Using Suffix Trees to Detect Homology at Scale

fastaguy88 · on Oct 29, 2023

It is critical to understand that this article fundamentally misuses the word "homology", which in bioinformatics and molecular evolution is understood to mean "sharing a common ancestor". Similarity searches (typically using programs like BLAST, one of the most cited methods in the biomedical literature) look for homologs.

This article is NOT about "homology" detection (which suffix trees are not particularly good for), it is about "identity" detection (which is a related problem, but fundamentally different). It is unfortunate that in the biomedical literature, the word "homology" is often misused in place of "identity" (as in "micro-homology", which is really "micro-identity"), but serious computational biologists try to avoid this misuse of the word "homology".

Gregaros · on Oct 29, 2023

I think rather this is a case of the mathematical notion of [homology](https://en.wikipedia.org/wiki/Homology_(mathematics)) - which, roughly, is when a collection of objects combine together to fill a hole (or form the boundary of that hole). In the case of the article, two half-helices ‘overlap’ when they are each two halves of the bounadry of the same DNA segment.

dekhn · on Oct 30, 2023

No, the benchling folks are just wrong. Homology in biology has a long, long history and ignoring that (and mistaking homology and identity). Folks misusing "homology" to mean identity (in the context of making PCR primers, etc) just confused the issue.

fastaguy88 · on Oct 30, 2023

I very much doubt that the widespread misuse of the term "homology" for "identity" by biomedical researchers reflects their deep understanding of mathematical concepts.

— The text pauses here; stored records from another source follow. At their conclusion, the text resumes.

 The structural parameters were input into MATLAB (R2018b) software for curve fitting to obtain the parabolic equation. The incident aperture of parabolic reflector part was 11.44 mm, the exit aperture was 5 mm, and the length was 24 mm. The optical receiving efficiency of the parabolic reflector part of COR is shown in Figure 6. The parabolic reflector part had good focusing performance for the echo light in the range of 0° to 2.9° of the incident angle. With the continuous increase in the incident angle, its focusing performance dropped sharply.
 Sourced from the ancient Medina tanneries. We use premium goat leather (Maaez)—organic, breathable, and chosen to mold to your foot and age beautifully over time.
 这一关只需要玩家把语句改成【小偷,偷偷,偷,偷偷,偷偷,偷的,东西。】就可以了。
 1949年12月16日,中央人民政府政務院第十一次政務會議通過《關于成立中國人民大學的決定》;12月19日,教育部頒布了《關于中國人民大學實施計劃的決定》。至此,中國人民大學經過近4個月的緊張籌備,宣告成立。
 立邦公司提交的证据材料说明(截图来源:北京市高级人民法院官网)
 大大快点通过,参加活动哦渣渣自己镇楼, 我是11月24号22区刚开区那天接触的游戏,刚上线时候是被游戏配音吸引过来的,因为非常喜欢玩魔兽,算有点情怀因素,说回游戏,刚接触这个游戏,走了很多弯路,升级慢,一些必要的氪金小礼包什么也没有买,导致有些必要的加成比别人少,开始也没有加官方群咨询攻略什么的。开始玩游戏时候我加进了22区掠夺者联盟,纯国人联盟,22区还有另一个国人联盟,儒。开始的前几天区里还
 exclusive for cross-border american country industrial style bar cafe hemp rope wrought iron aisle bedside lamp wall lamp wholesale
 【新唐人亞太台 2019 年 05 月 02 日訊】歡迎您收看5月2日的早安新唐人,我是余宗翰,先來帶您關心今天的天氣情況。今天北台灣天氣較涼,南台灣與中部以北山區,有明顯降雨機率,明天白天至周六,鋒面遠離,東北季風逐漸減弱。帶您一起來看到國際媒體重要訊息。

jakobnissen · on Oct 29, 2023

There is a rich literature in bioinformatics on sequence homology search, and there are many existing libraries that scale to billions on base pairs. I wonder why they reinvented the wheel

ultrablack · on Oct 29, 2023

Agree completely. I didn't read the entire article, but suffix trees are not hard to build in near linear time. I'm sure I was taught this in basic algorithms in 1993.

esafak · on Oct 29, 2023

Perhaps they immediately thought of a solution and did not feel bothered to see if there was a better one.

tetris11 · on Oct 29, 2023

IQtree is pretty good at this, for example

http://www.iqtree.org/

bafe · on Oct 29, 2023

It looks like an example of the "I have a PhD in X, I don't need to learn from CS or other fields to find a good solution". In my day job as a research software engineer I encounter plenty of these cases

contravariant · on Oct 29, 2023

Last time I looked there's at least several tens of papers of chemists rediscovering that getting a chemical equation to balance is just finding the null space of the corresponding matrix.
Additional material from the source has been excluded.